**DATA EXTRACTS**:
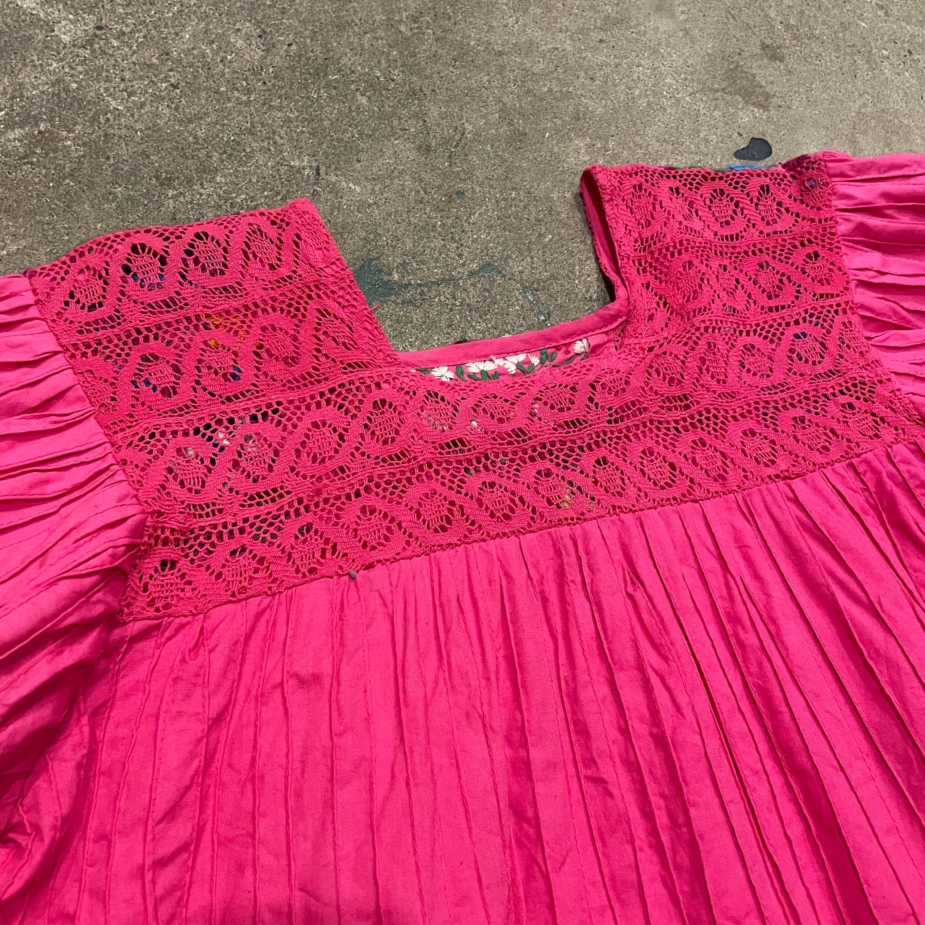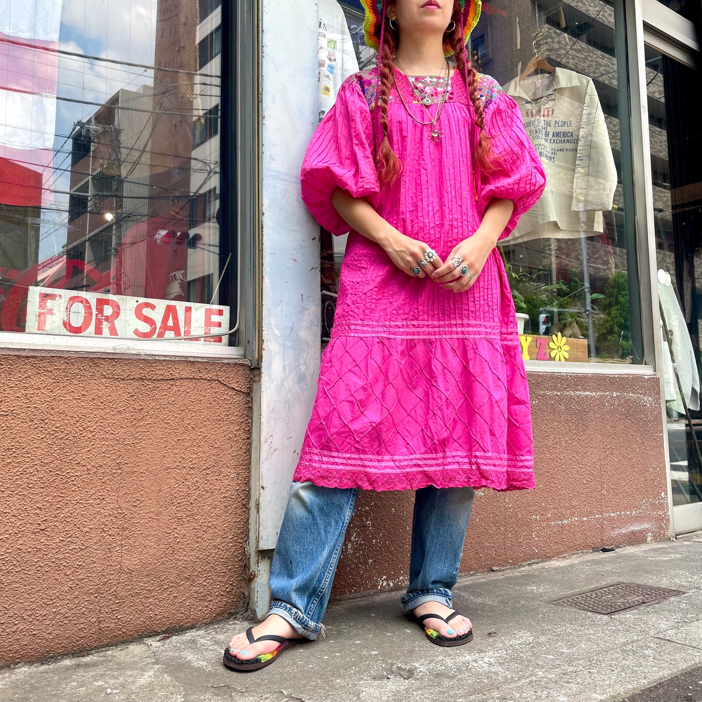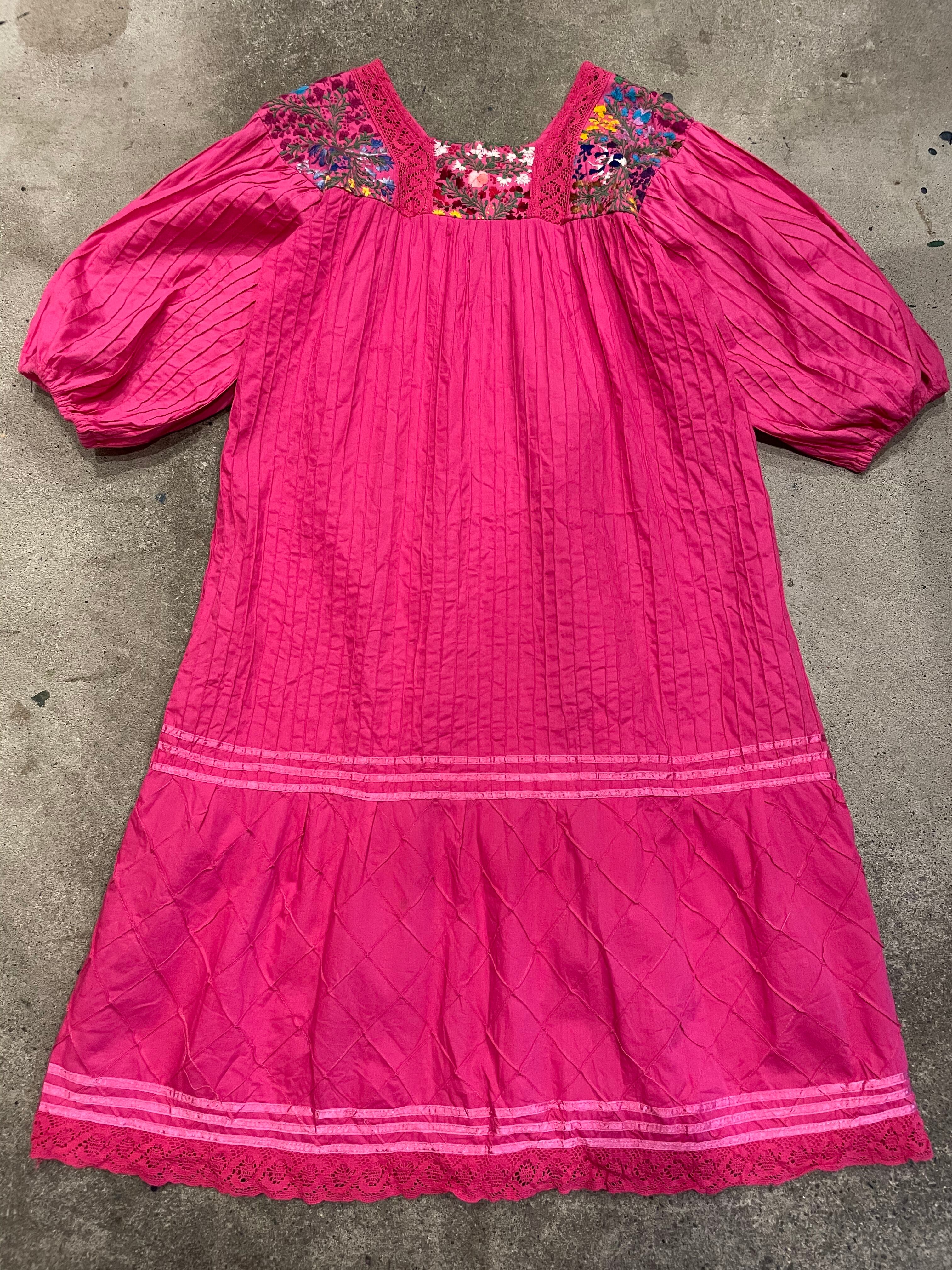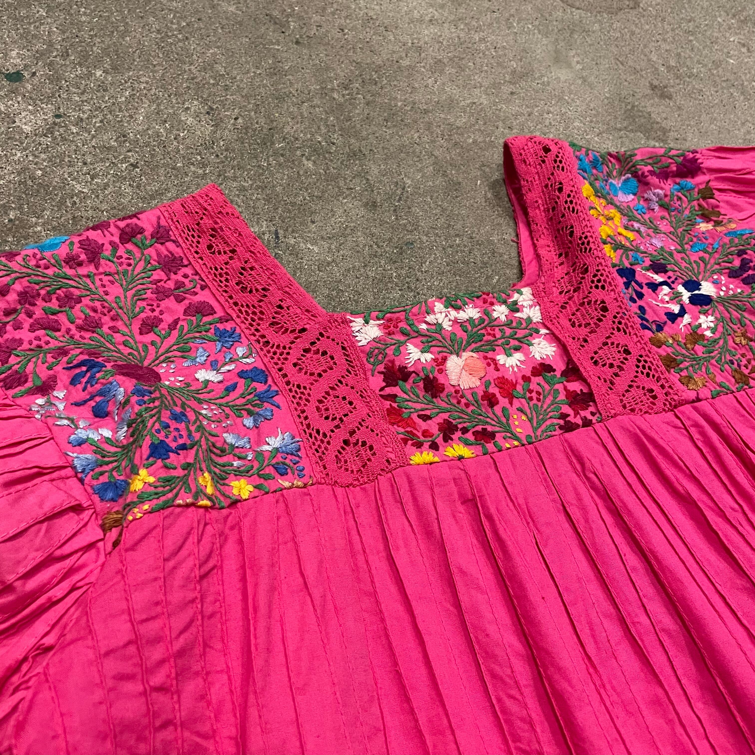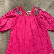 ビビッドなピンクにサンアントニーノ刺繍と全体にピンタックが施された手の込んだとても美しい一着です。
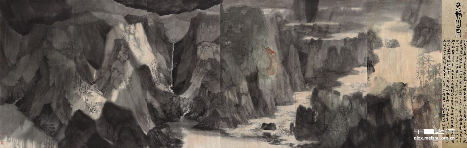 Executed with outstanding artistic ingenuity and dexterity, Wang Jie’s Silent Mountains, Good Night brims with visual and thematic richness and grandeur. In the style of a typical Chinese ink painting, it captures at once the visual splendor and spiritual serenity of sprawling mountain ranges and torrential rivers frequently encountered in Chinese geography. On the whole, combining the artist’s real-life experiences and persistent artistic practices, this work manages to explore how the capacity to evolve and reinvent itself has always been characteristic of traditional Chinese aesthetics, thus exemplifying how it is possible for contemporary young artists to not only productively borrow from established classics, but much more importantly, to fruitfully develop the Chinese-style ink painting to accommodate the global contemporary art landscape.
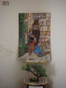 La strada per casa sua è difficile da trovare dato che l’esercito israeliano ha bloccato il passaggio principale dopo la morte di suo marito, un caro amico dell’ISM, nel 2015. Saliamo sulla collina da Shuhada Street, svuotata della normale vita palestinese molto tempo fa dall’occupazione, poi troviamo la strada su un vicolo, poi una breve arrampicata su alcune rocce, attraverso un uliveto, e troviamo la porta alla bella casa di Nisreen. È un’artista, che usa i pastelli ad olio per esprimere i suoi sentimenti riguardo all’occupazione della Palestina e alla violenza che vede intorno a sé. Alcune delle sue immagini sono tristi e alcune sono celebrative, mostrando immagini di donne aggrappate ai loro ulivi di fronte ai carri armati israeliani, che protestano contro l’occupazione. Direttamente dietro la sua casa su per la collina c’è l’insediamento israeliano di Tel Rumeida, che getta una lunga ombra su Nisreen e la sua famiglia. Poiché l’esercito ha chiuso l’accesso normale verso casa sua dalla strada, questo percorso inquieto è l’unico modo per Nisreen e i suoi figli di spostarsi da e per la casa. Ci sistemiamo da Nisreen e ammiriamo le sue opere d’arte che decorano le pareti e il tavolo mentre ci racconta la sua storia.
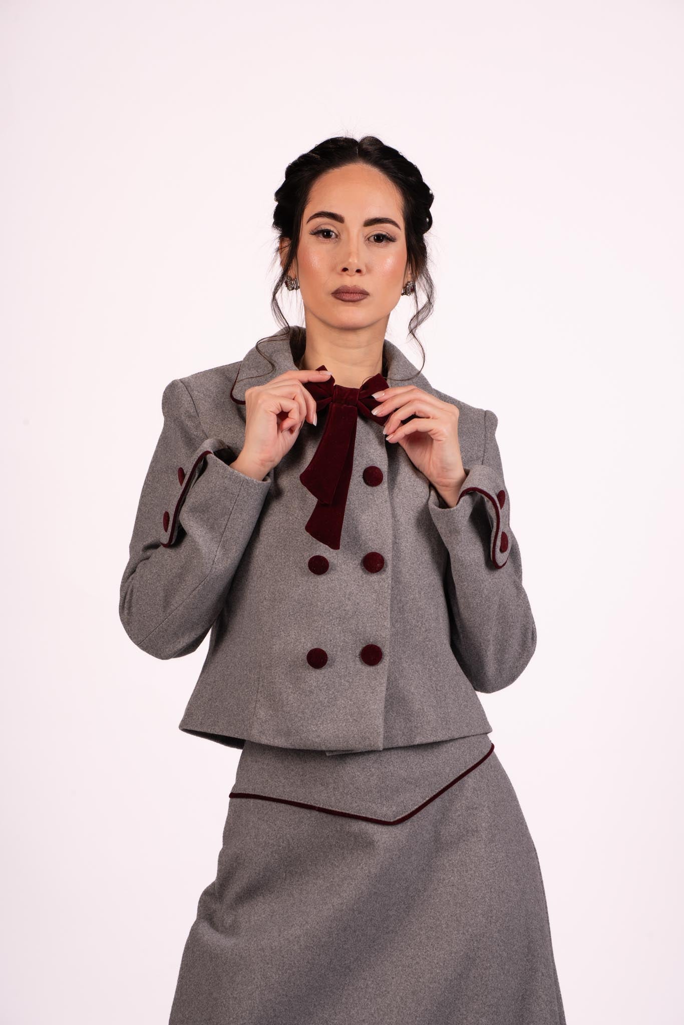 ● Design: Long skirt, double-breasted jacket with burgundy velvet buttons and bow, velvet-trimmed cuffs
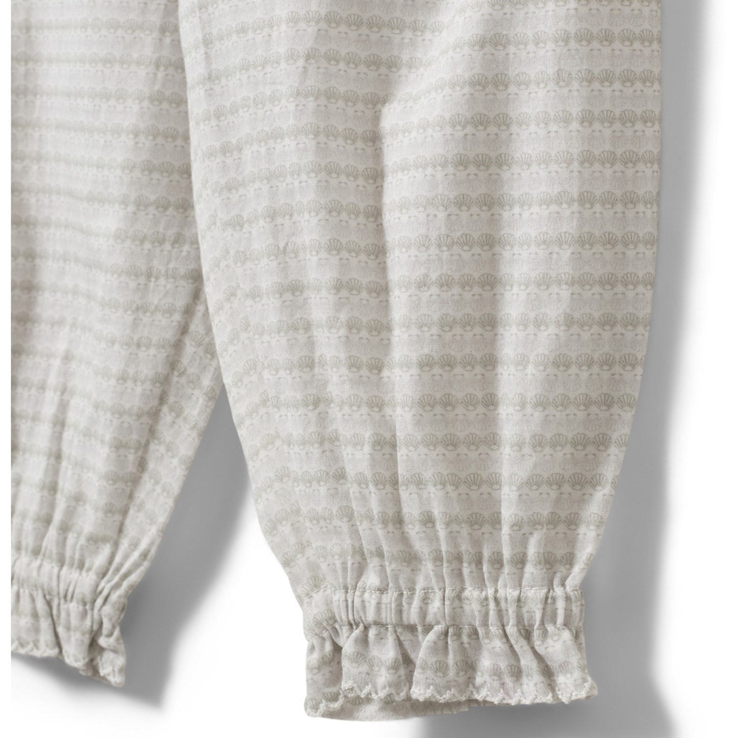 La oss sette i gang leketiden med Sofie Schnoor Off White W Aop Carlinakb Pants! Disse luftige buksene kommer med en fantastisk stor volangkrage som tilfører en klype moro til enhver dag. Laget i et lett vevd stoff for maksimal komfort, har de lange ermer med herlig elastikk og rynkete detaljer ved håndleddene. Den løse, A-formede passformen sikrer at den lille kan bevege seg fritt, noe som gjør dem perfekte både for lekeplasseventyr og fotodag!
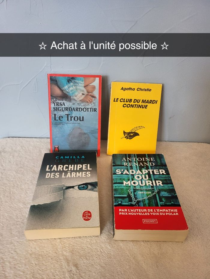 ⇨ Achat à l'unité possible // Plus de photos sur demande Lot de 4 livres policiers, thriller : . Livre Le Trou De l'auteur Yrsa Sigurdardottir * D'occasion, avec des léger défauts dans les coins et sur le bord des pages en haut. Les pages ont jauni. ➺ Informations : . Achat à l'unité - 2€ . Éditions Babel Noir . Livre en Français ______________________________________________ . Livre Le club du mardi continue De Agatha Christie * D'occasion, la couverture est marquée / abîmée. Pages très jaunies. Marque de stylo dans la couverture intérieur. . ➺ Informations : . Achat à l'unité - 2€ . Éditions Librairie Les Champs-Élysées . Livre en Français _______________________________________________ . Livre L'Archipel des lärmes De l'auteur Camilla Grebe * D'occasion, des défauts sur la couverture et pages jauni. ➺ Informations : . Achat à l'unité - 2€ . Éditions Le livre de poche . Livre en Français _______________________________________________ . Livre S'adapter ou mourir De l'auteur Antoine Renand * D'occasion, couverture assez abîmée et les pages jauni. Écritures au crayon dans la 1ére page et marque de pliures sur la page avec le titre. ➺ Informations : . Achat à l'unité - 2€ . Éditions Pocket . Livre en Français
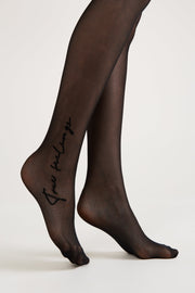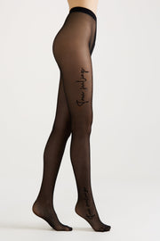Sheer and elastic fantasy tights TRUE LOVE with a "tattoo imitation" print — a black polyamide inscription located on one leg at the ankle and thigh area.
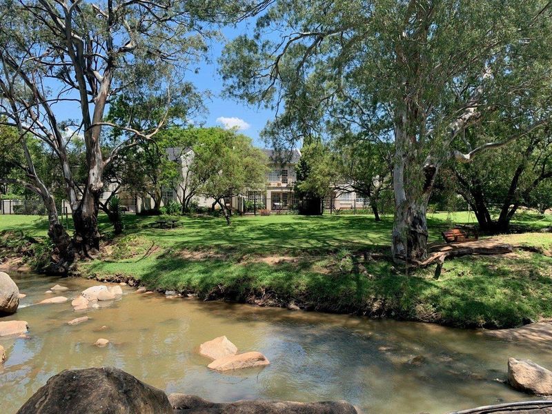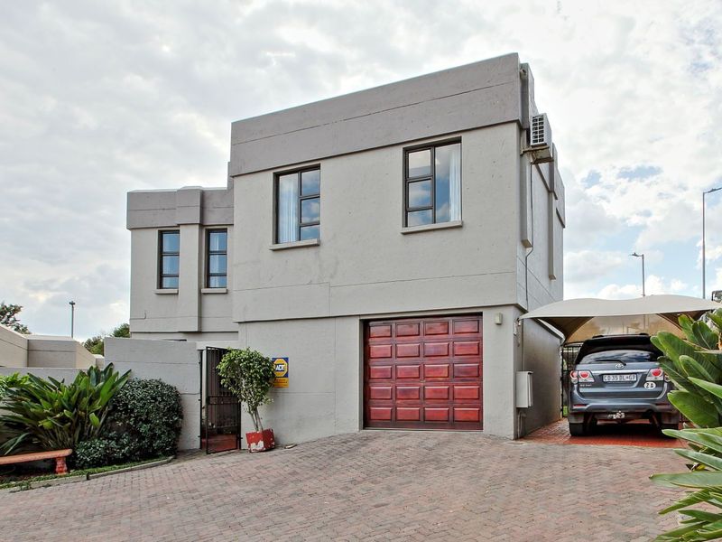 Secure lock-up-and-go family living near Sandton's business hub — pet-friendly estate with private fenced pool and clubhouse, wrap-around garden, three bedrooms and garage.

**WHAT YOU NEED TO DO**:
Copy only the lines above from the one containing "La oss sette" through the one containing "Sheer and elastic", both included. Leave out the pictures.

**TASK RESULT**:
 La oss sette i gang leketiden med Sofie Schnoor Off White W Aop Carlinakb Pants! Disse luftige buksene kommer med en fantastisk stor volangkrage som tilfører en klype moro til enhver dag. Laget i et lett vevd stoff for maksimal komfort, har de lange ermer med herlig elastikk og rynkete detaljer ved håndleddene. Den løse, A-formede passformen sikrer at den lille kan bevege seg fritt, noe som gjør dem perfekte både for lekeplasseventyr og fotodag!
 ⇨ Achat à l'unité possible // Plus de photos sur demande Lot de 4 livres policiers, thriller : . Livre Le Trou De l'auteur Yrsa Sigurdardottir * D'occasion, avec des léger défauts dans les coins et sur le bord des pages en haut. Les pages ont jauni. ➺ Informations : . Achat à l'unité - 2€ . Éditions Babel Noir . Livre en Français ______________________________________________ . Livre Le club du mardi continue De Agatha Christie * D'occasion, la couverture est marquée / abîmée. Pages très jaunies. Marque de stylo dans la couverture intérieur. . ➺ Informations : . Achat à l'unité - 2€ . Éditions Librairie Les Champs-Élysées . Livre en Français _______________________________________________ . Livre L'Archipel des lärmes De l'auteur Camilla Grebe * D'occasion, des défauts sur la couverture et pages jauni. ➺ Informations : . Achat à l'unité - 2€ . Éditions Le livre de poche . Livre en Français _______________________________________________ . Livre S'adapter ou mourir De l'auteur Antoine Renand * D'occasion, couverture assez abîmée et les pages jauni. Écritures au crayon dans la 1ére page et marque de pliures sur la page avec le titre. ➺ Informations : . Achat à l'unité - 2€ . Éditions Pocket . Livre en Français
Sheer and elastic fantasy tights TRUE LOVE with a "tattoo imitation" print — a black polyamide inscription located on one leg at the ankle and thigh area.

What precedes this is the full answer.